[Your assignment] The answer is to be an exact copy of the lines below running from the line with "Capas de la" down to the line with "The spacious living", both ends included, and nothing more.

[Data for this exercise]
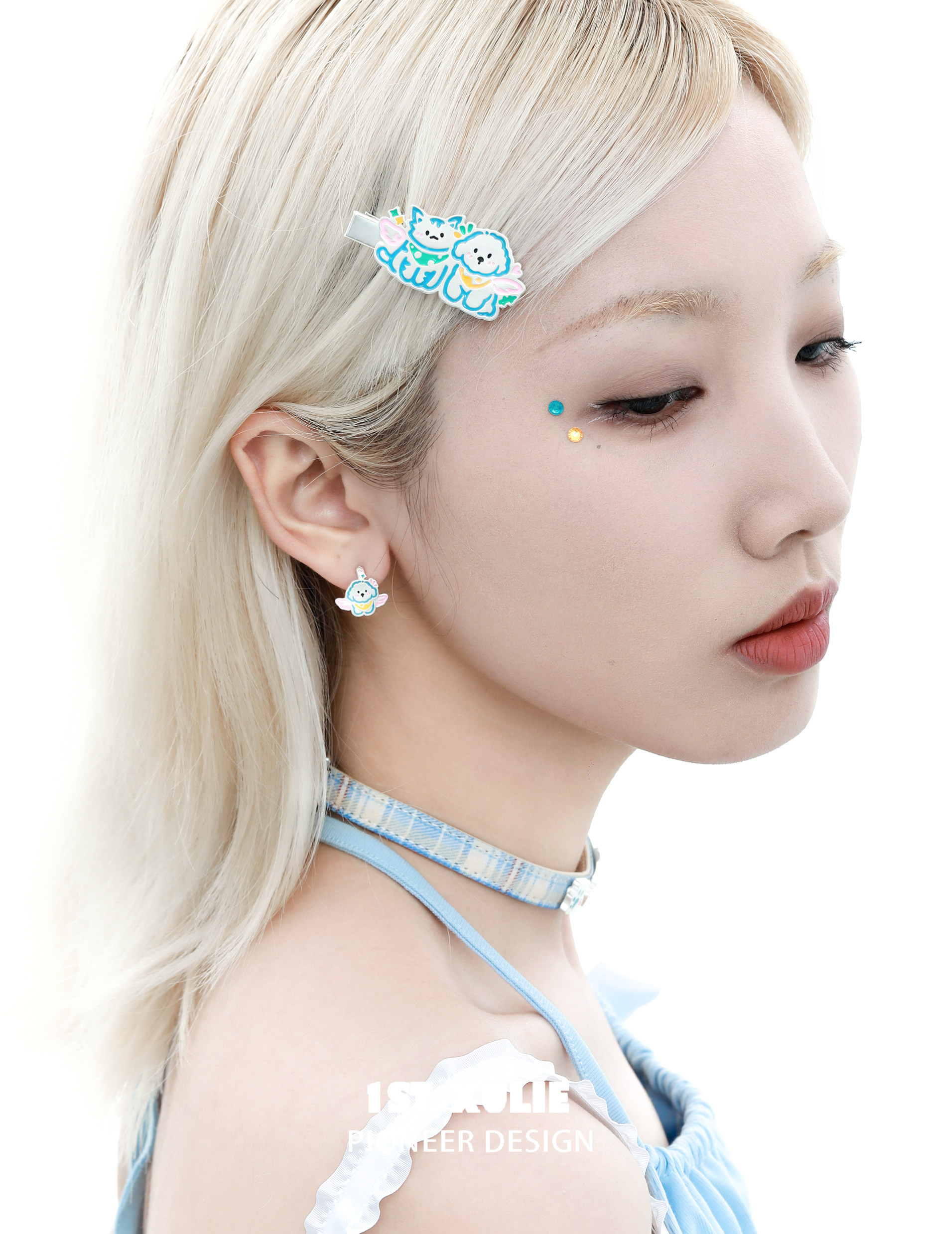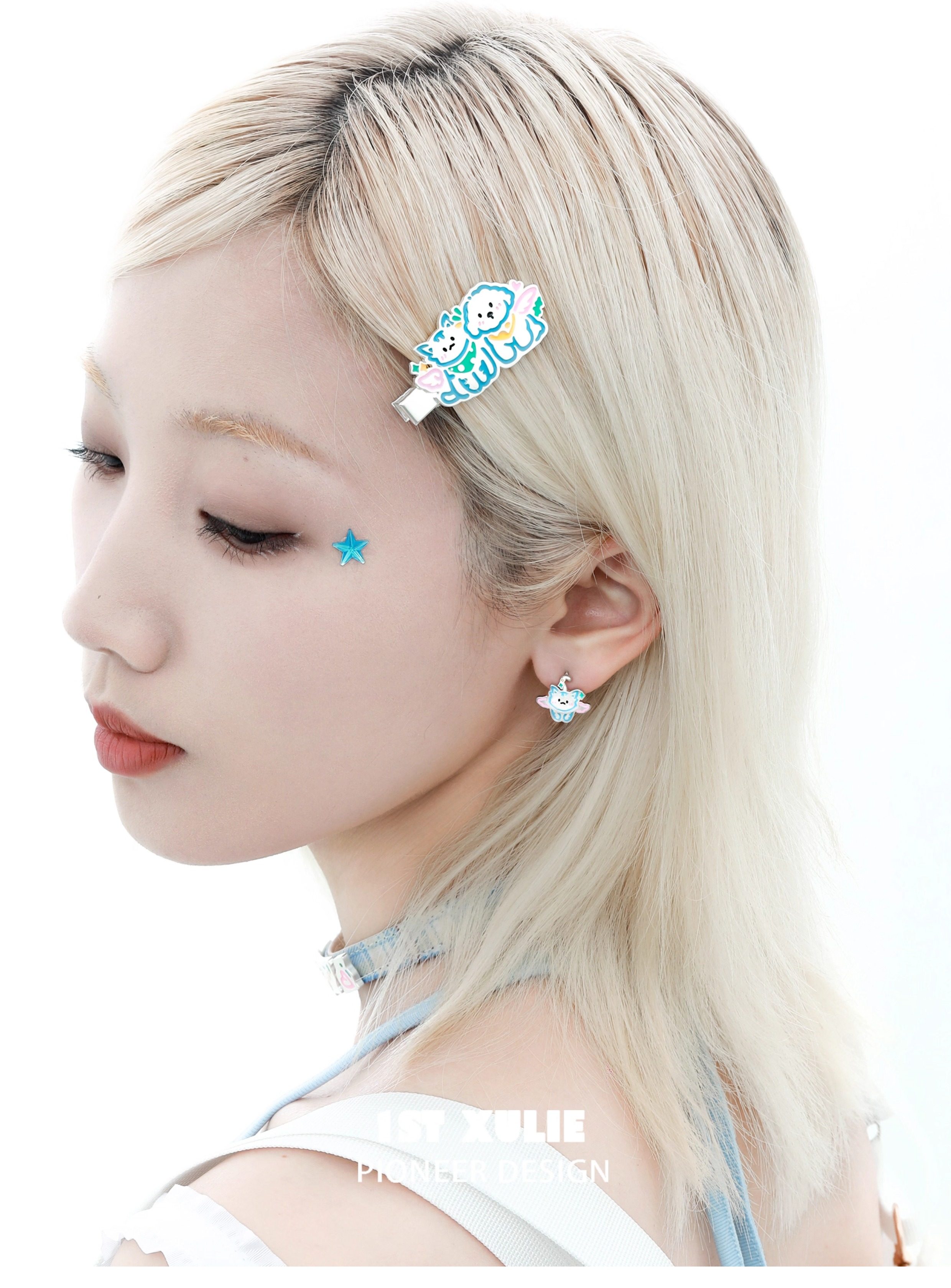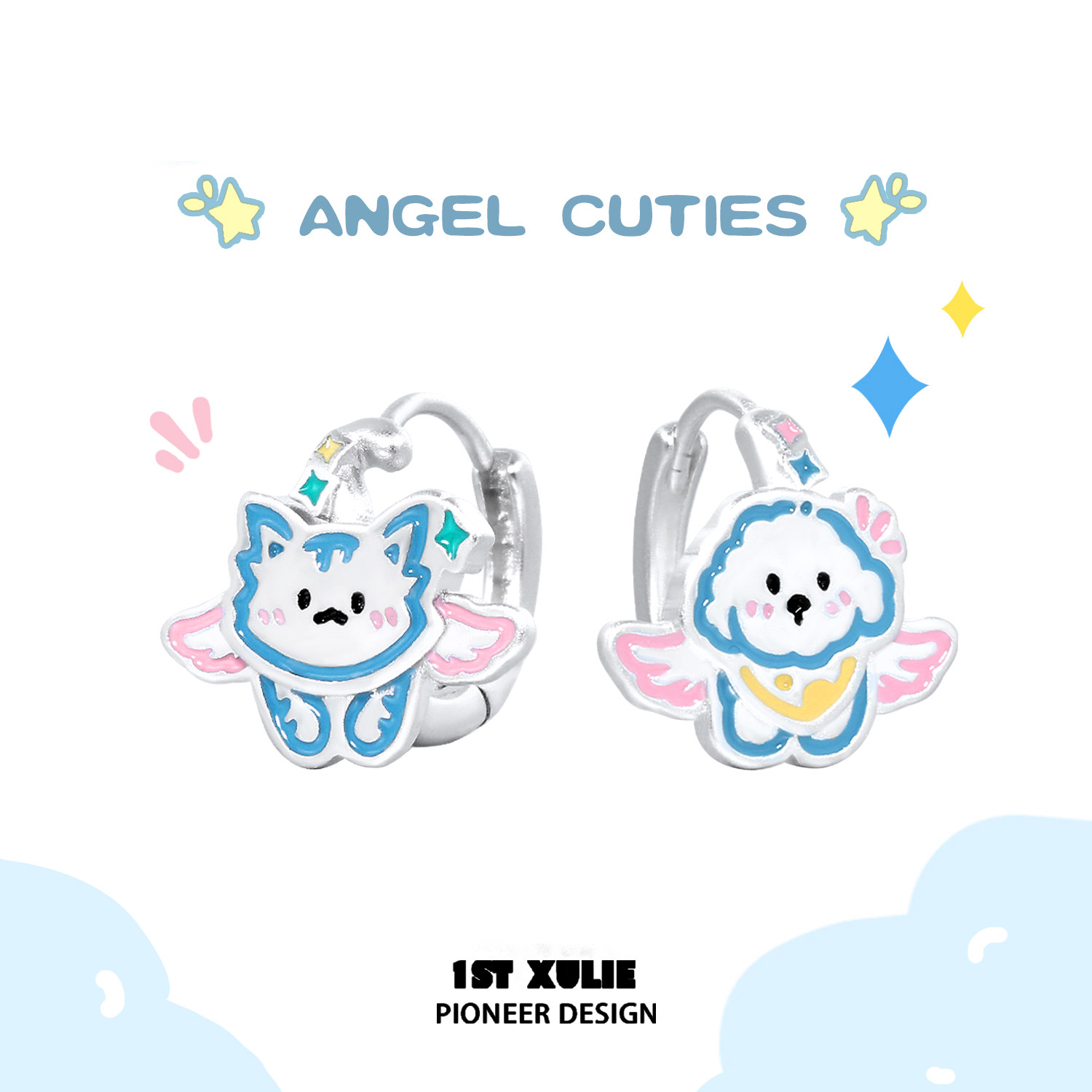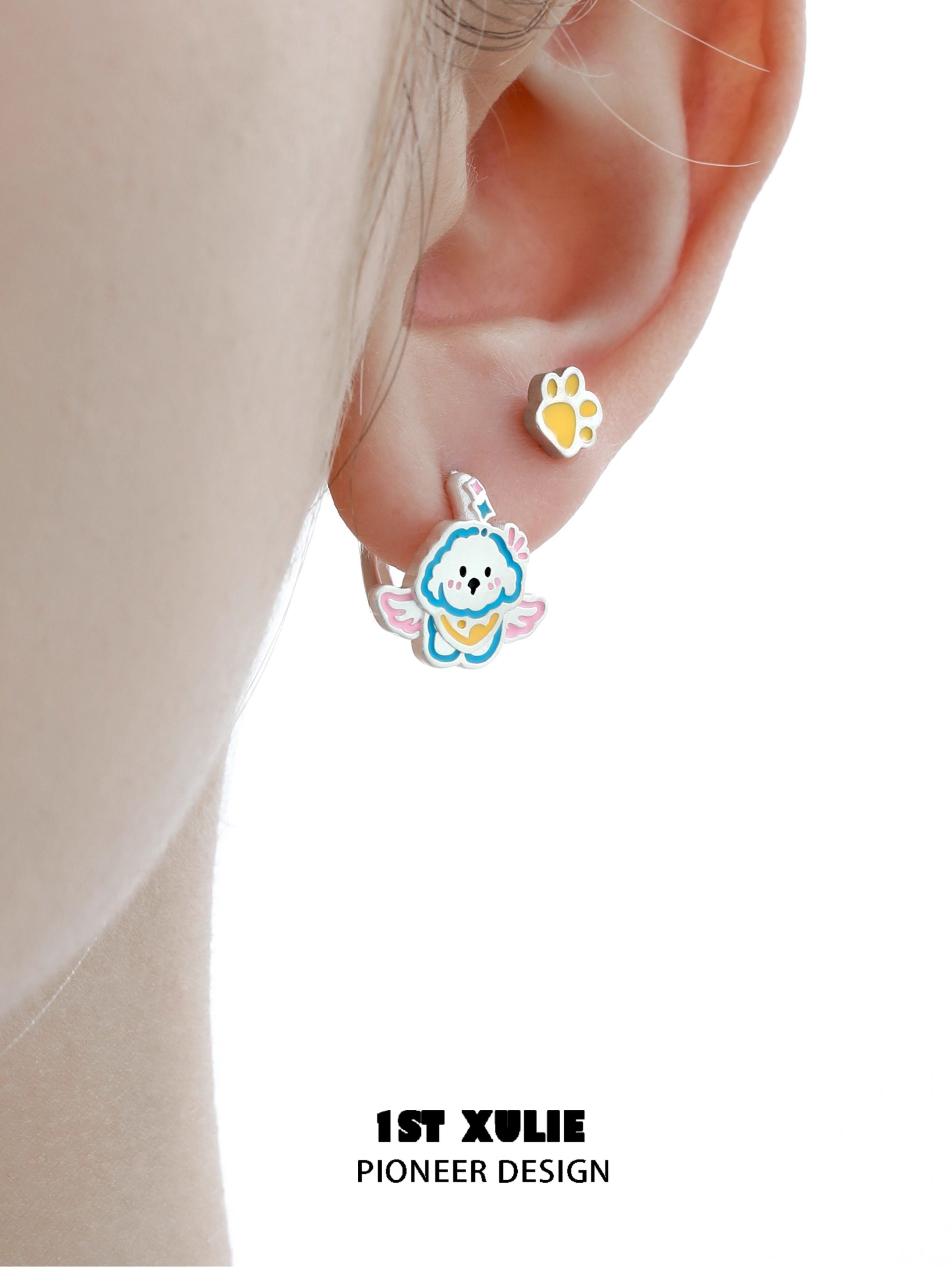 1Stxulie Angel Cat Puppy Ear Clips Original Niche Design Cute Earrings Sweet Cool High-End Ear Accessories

...

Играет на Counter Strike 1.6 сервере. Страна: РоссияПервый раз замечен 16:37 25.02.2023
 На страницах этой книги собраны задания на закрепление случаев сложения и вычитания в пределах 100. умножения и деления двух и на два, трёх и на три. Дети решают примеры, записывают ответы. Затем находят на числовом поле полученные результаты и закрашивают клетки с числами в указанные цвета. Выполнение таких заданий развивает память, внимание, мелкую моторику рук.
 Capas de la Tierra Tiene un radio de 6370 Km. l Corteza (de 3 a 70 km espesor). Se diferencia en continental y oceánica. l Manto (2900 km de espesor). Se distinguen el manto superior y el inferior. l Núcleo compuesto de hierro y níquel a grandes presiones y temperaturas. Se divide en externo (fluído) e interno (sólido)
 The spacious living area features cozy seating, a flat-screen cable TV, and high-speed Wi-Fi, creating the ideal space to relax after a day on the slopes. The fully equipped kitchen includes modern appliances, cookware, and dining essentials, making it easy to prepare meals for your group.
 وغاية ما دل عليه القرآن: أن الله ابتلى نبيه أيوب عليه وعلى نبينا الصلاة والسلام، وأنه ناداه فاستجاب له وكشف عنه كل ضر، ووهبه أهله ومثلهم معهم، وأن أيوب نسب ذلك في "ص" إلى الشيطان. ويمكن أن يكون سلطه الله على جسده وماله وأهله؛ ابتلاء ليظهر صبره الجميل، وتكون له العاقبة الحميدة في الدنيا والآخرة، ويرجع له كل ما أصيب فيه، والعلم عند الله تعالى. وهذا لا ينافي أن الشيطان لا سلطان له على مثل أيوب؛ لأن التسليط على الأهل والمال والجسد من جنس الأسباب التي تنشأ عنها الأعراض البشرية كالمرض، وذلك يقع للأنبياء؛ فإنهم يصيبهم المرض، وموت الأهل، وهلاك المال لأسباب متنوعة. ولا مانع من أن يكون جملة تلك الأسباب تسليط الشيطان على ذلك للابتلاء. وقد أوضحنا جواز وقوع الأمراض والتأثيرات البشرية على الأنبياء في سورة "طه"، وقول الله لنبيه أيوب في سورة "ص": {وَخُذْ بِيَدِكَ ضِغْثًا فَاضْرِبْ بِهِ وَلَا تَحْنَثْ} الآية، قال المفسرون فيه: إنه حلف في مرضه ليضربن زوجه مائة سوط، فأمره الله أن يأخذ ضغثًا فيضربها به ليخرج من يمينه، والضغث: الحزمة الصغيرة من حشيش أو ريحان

[Solution to the exercise]
 Capas de la Tierra Tiene un radio de 6370 Km. l Corteza (de 3 a 70 km espesor). Se diferencia en continental y oceánica. l Manto (2900 km de espesor). Se distinguen el manto superior y el inferior. l Núcleo compuesto de hierro y níquel a grandes presiones y temperaturas. Se divide en externo (fluído) e interno (sólido)
 The spacious living area features cozy seating, a flat-screen cable TV, and high-speed Wi-Fi, creating the ideal space to relax after a day on the slopes. The fully equipped kitchen includes modern appliances, cookware, and dining essentials, making it easy to prepare meals for your group.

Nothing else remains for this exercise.